The next value, "1.5", is the maximum absolute expected coordinate value on any dimension. It is used for plotting purposes. If the squared distances are confined to a 4-0 scale, xmax=1.5 is usually sufficient. The last two numbers, "0.0" and "100.0", are the minimum and maximum expected values of the input data. These are used to catch coding errors in the input data. Anything out of range is treated as missing data.
The fifth line is the format of the data file and the sixth line contains the missing data codes.
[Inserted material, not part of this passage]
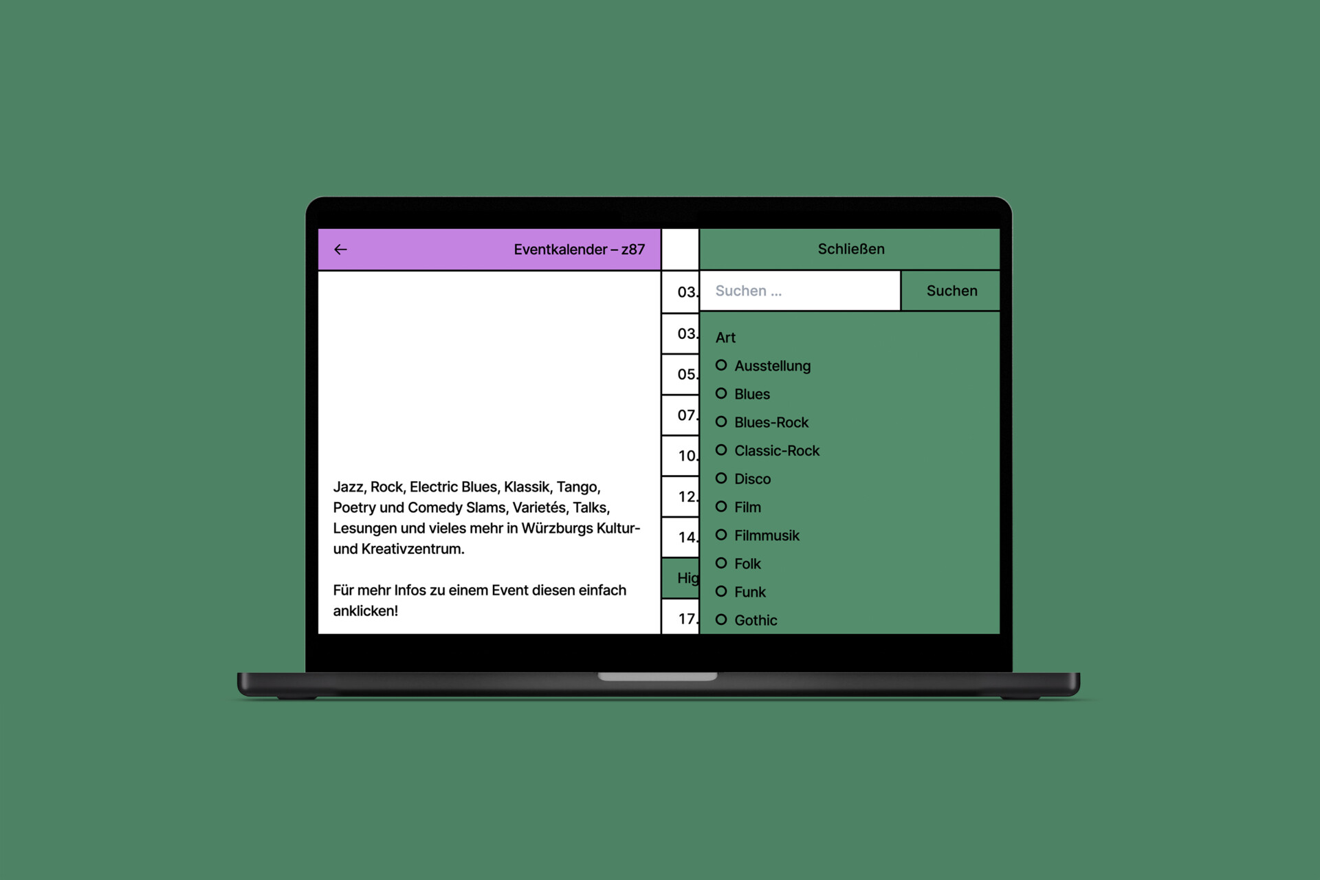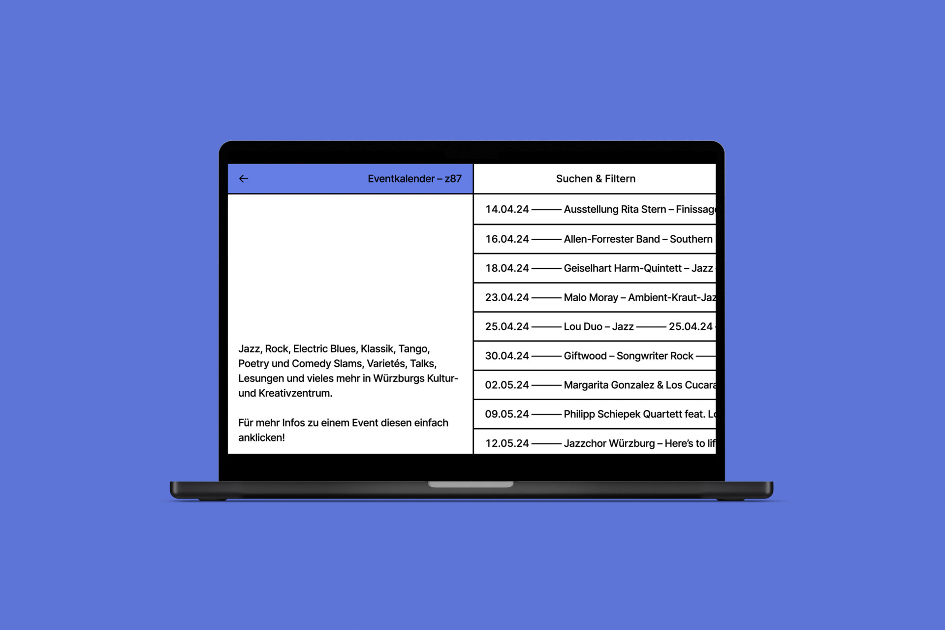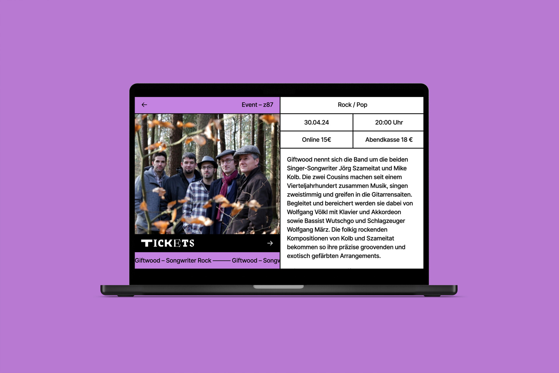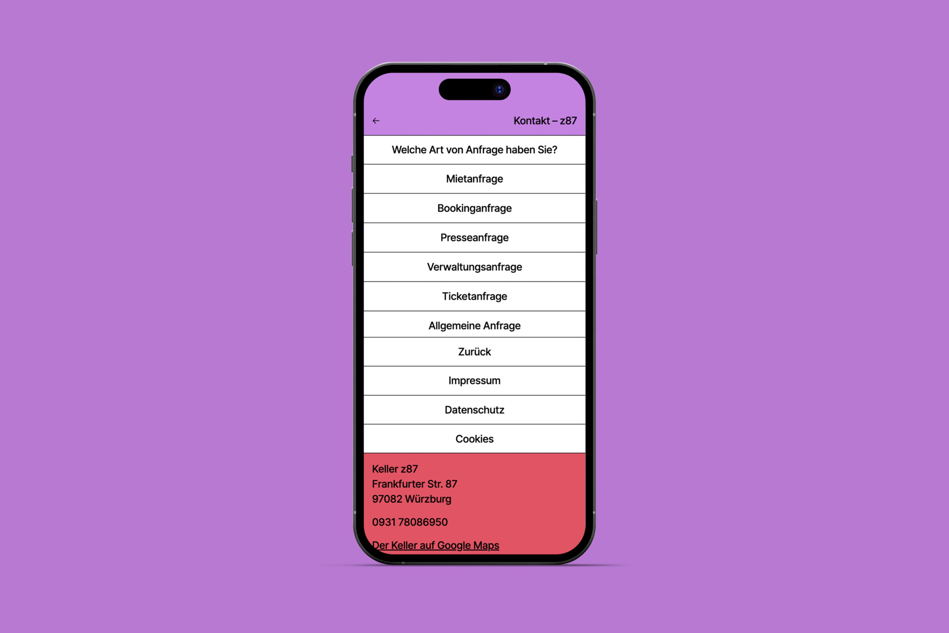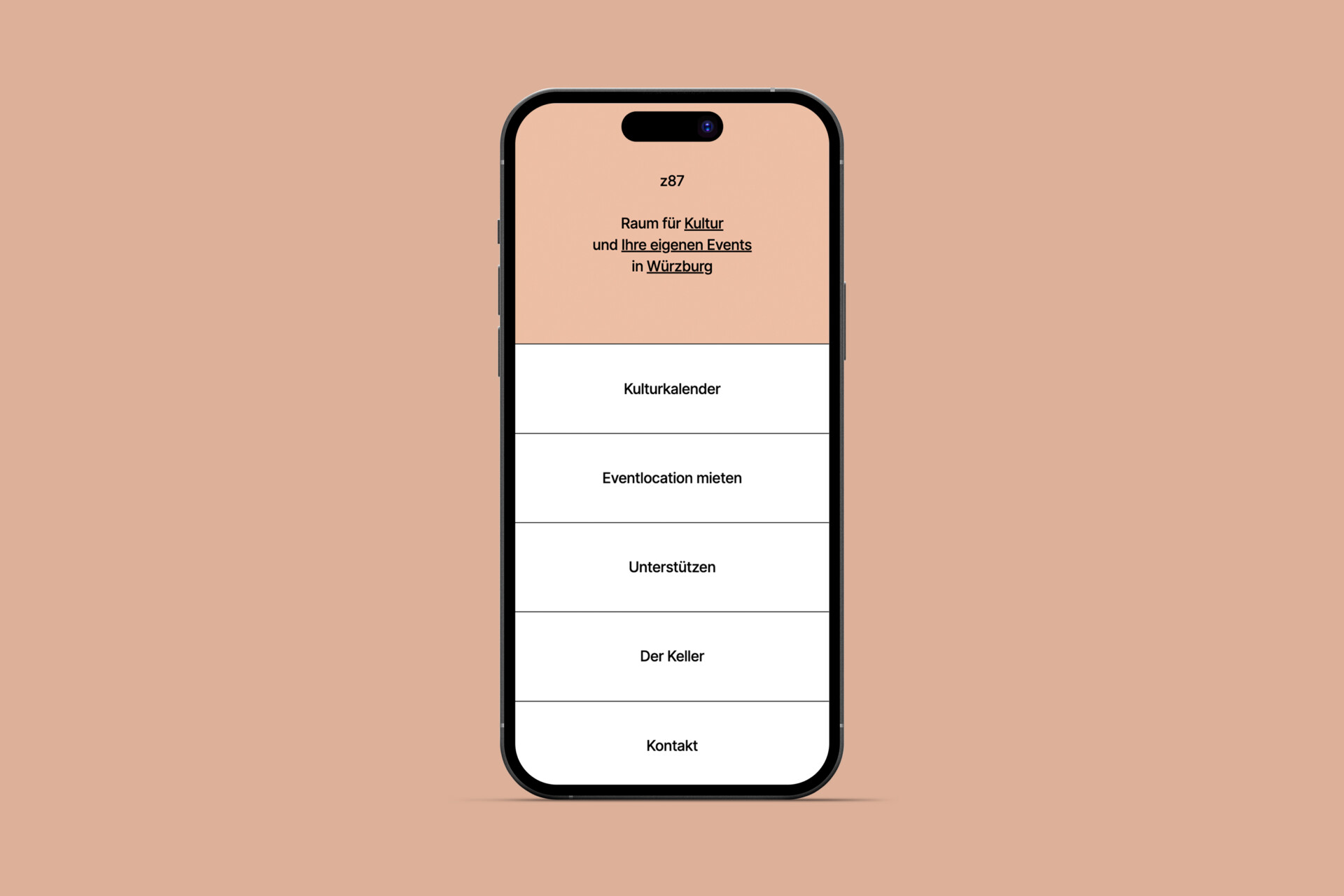Website for the Keller z87 cultural and event venue at Bürgerbräu Würzburg.

Finally, the last 12 lines are labels for the stimuli.
OLS68B.DAT
12 2 2 10 0 0
1 1 0 4 2
.001 -0.02 2.0 2.0 1.5 0.0 100.0
(1X,4A1,60X,12F3.0)
98 99
WALLACE
HUMPHREY
NIXON
MCCARTHY
REAGAN
ROCKEFELLER
LBJ
ROMNEY
R.KENNEDY
MUSKIE
AGNEW
LEMAY
-
Run MLSMU6. It will produce an output
file called FORT.22. The first 20 lines look like this:
WALLACE 1.2646 0.5154 217.4823 0.5541 1242.0000
HUMPHREY -0.5559 0.3738 114.7892 0.6968 1252.0000
NIXON 0.1480 -0.5415 123.2209 0.5319 1250.0000
MCCARTHY -0.6251 -0.4938 151.8926 0.3854 1204.0000
REAGAN 0.3080 -0.8895 131.8091 0.4380 1212.0000
ROCKEFELLER -0.5579 -0.5995 148.1413 0.3724 1229.0000
LBJ -0.5223 0.4905 147.0334 0.5573 1253.0000
ROMNEY -0.4736 -0.7866 111.3147 0.3434 1167.0000
R.KENNEDY -0.4245 0.2351 148.8571 0.5418 1242.0000
MUSKIE -0.6611 0.1660 126.0836 0.4862 1177.0000
AGNEW 0.2341 -0.8706 114.1418 0.4675 1180.0000
LEMAY 1.1901 0.4267 174.3242 0.4601 1188.0000
1681 -0.0285 0.2555 0.7918 0.6824 12.0000
1124 -0.1768 0.2692 1.4788 0.6992 12.0000
78 0.5707 -0.1514 3.5611 0.2141 12.0000
553 0.1376 0.1064 0.1597 0.7047 9.0000
7 0.2542 0.1235 1.2634 0.0116 12.0000
412 0.2781 0.0867 0.1024 0.6197 12.0000
631 0.5017 0.1088 1.1196 0.0742 12.0000
1316 0.2175 -0.5842 1.1568 0.8577 12.0000
etc etc etc
etc etc etc
The first two columns after the names are the two dimensional coordinates. The first
12 lines are the coordinates for the political candidates and lines 13 onward are the
coordinates for the respondents. Use R to plot the
12 candidates in two dimensions. This plot should be very similar to the one
you did for question 2 of homework 5.Use Epsilon to insert the voted and voted for variables into FORT.22 (strip off the candidate coordinates first). Turn in the Epsilon macro you used to do the insertion and the first 20 lines of the file.
Use R to make two-dimensional plots of the Voters, Non-Voters, Humphrey Voters only, Nixon Voters only, and Wallace Voters only. For example, your Humphrey Voter plot should look something like this:
Label each plot appropriately and use solid dots to plot the respondents. Turn in all these plots.